Word of the wreck spread fast, and soon relief trains were dispatched from Stonington and Providence with doctors and volunteers, but they arrived too late to do much except ease the suffering on another train bound for The Rhode Island Hospital in Providence. Twenty Two of the passengers were taken in and all but one recovered. That man lived for several years before succumbing to what his doctor described as "railway concussion."
A special train took the body of fireman Eldred to his home in Wickford, a few miles north of the wreck site. The rest of the dead were conveyed to the Swarts Funeral home at the corner of Pine and Dorrance Streets in Providence. There the grim task of identifying the dead was undertaken. Three of the bodies were burned beyond any recognition as human. One of those was identified as a woman only by the remains of a skirt hoop found around the remains.
Crowds gathered outside the funeral home, at the railroad station in Providence and at the wreck site where at dawn the railroad began work to right the locomotive and clear away the wreckage. Through service was restored in three days.
The train had 91 ticketed passengers, a nine man crew and six deadheading railroaders aboard on that fatal morning. The engineer, fireman and nine passengers were killed in the wreck. Some passengers were never accounted for and it has been claimed by some historians that the death toll may have been higher. For weeks afterwards pieces of clothing, debris from the wreck and occasionally a gruesome part of a body were picked out of mill wheels as far downstream as Westerly.
Engineer Guile had live with his new wife in a house within walking distance of the railroad tracks in Providence near the present day site of Roger Williams Park. In those days engineers would usually be assigned to a particular locomotive, often decorating it to their own tastes. One of the most common decorations was the whistle. With practice, a sliding valve and a few carefully shaped wooden blocks an engineer could often make the whistle "talk."
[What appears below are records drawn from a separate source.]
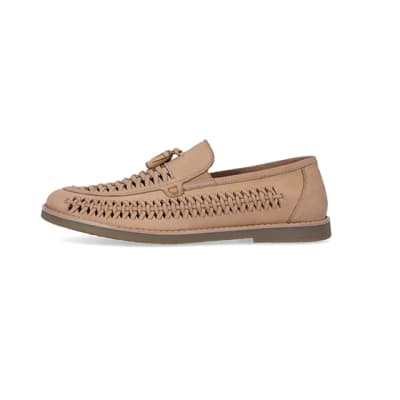 Vintage Men Dark Brown Italian Made Woven Loafers Size 7.5m Very well made.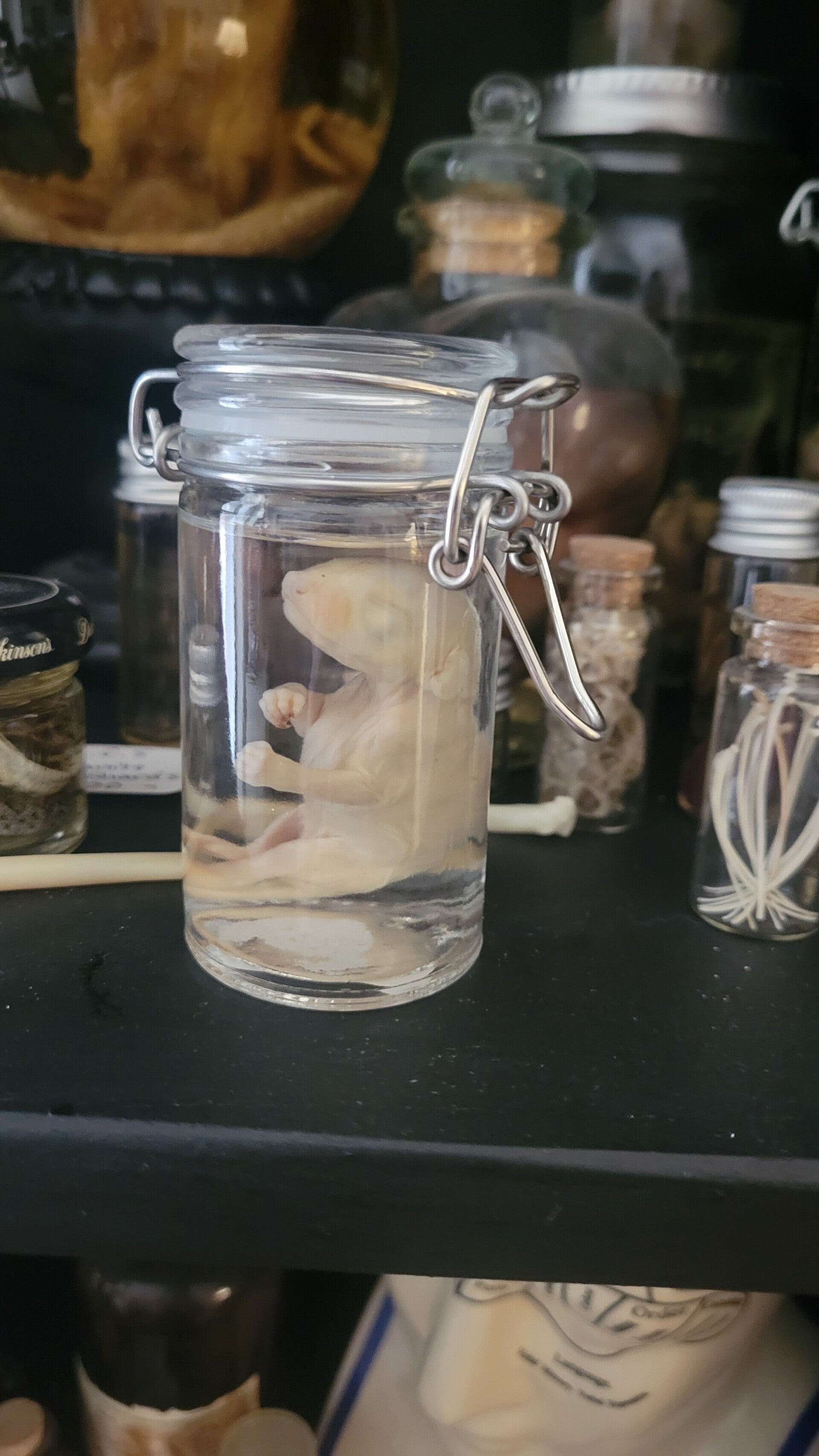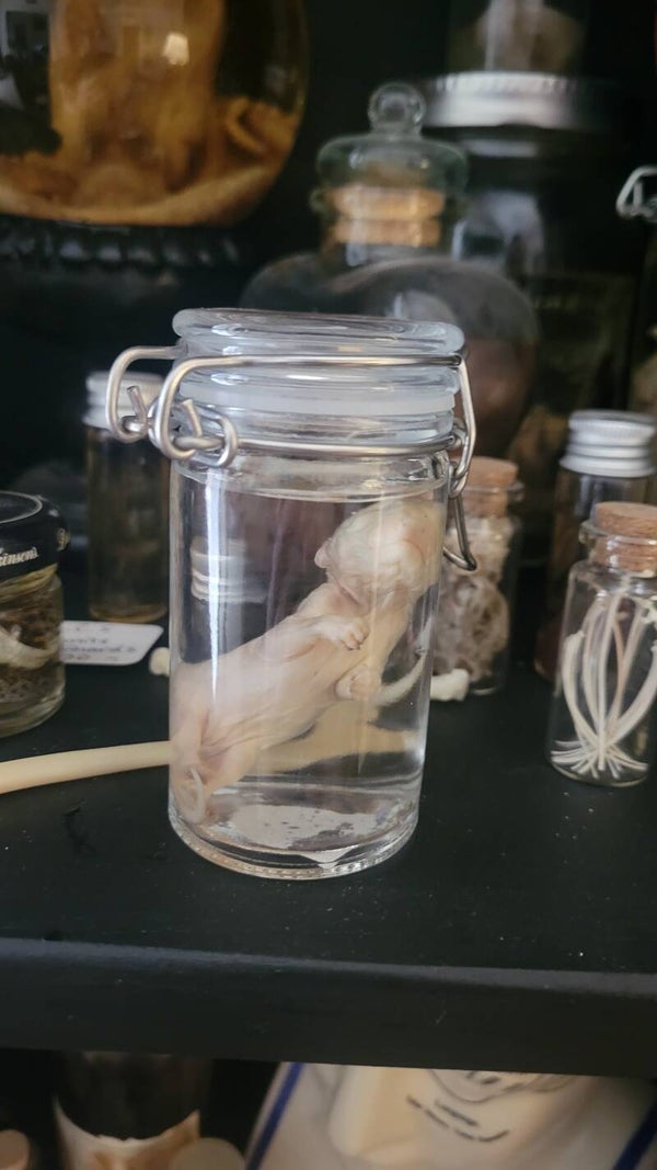 Ethically sourced fetal opossum. Sizes may vary. Will come with jar you will have to add liquid.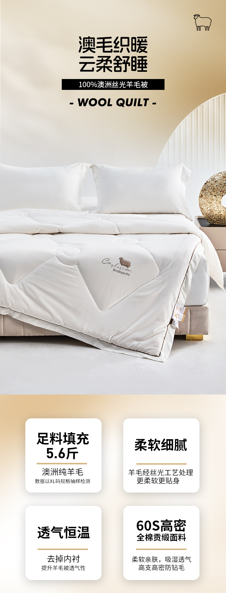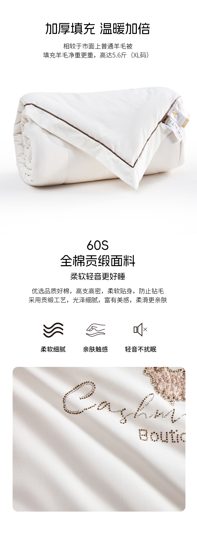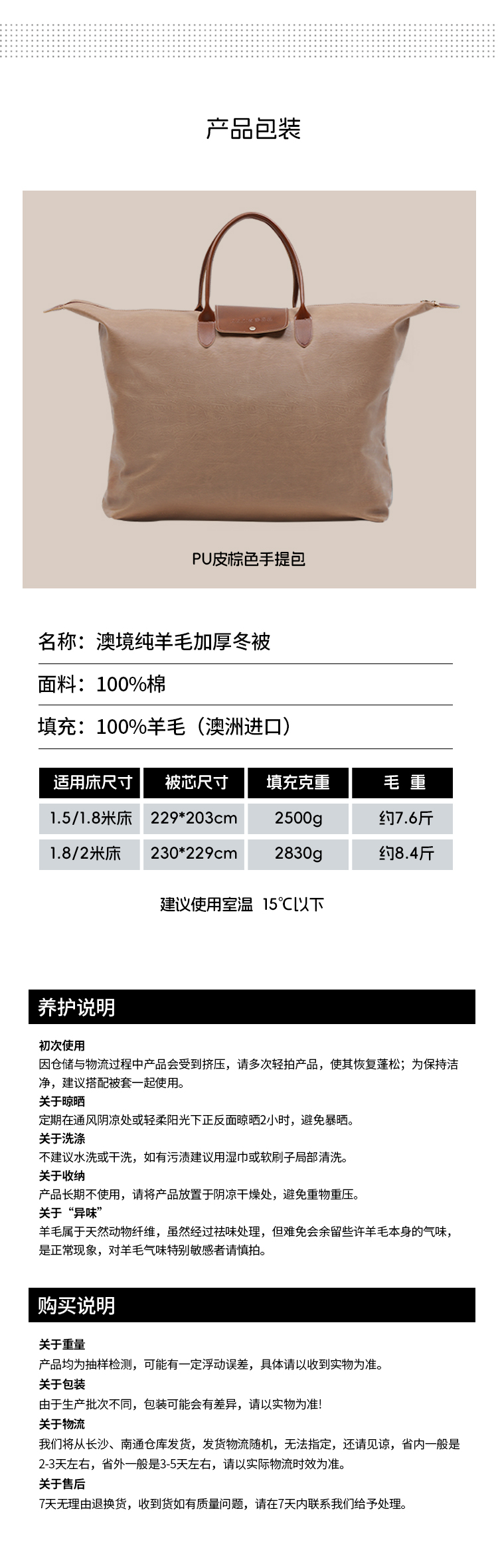 多喜爱 澳境纯羊毛加厚冬被【100%澳洲羊毛】【60S全棉贡缎】【足料填充】丝光工艺 柔暖不闷 加厚填充 烫钻工艺 PU皮手提包
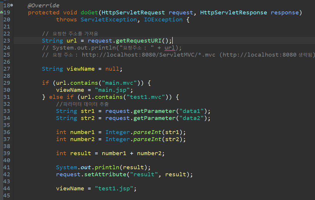 MVC 서블릿, 파라메터 처리, 모델 요청, 리퀘스트로 데이터 전달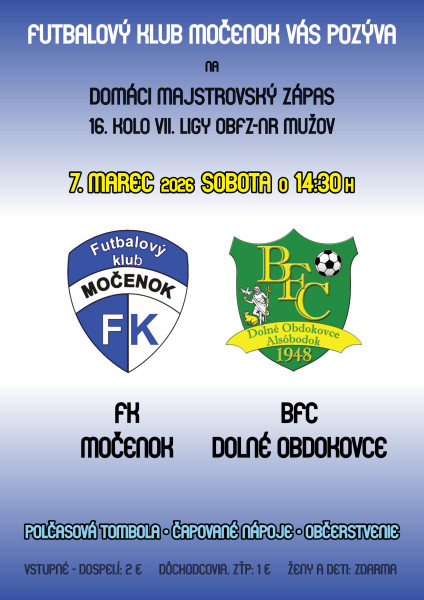 Futbalový klub Močenok vás srdečne pozýva na majstrovské stretnutie A-mužstva, ktoré sa odohrá na domácom štadióne v túto sobotu o 14:30 hod. Súperom Močenka budú futbalisti Dolných Obdokoviec. Tešíme sa na vašu návštevu.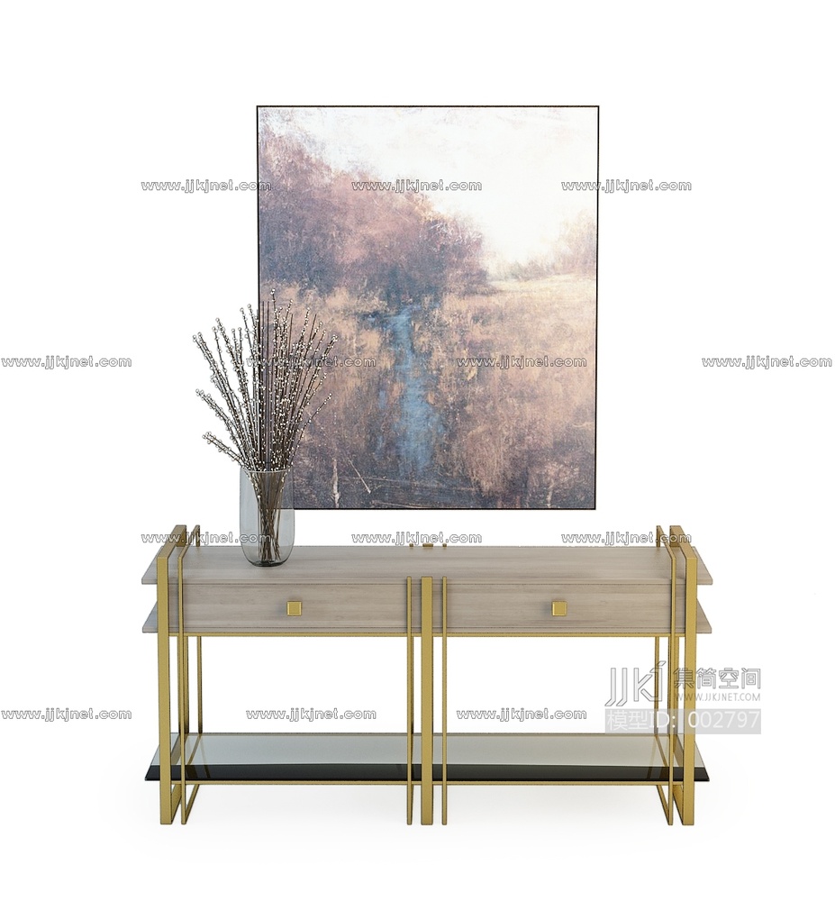 新中式条案 端景台,格栅3d模型 3d模型下载

In those days of "Polly-put-the-kettle-on" whistling, engineer Guile was not one to be outdone. As he passed his home each night Guile would salute his wife with two short blasts, which with the application of a little imagination became "I-luuuv yOOOOuuu." On that April morning his whistle wasn't heard and the neighbors thought he'd forgotten to sound his customary greeting. They never dreamed what his bride already guessed, her love lay dead in the twisted wreckage.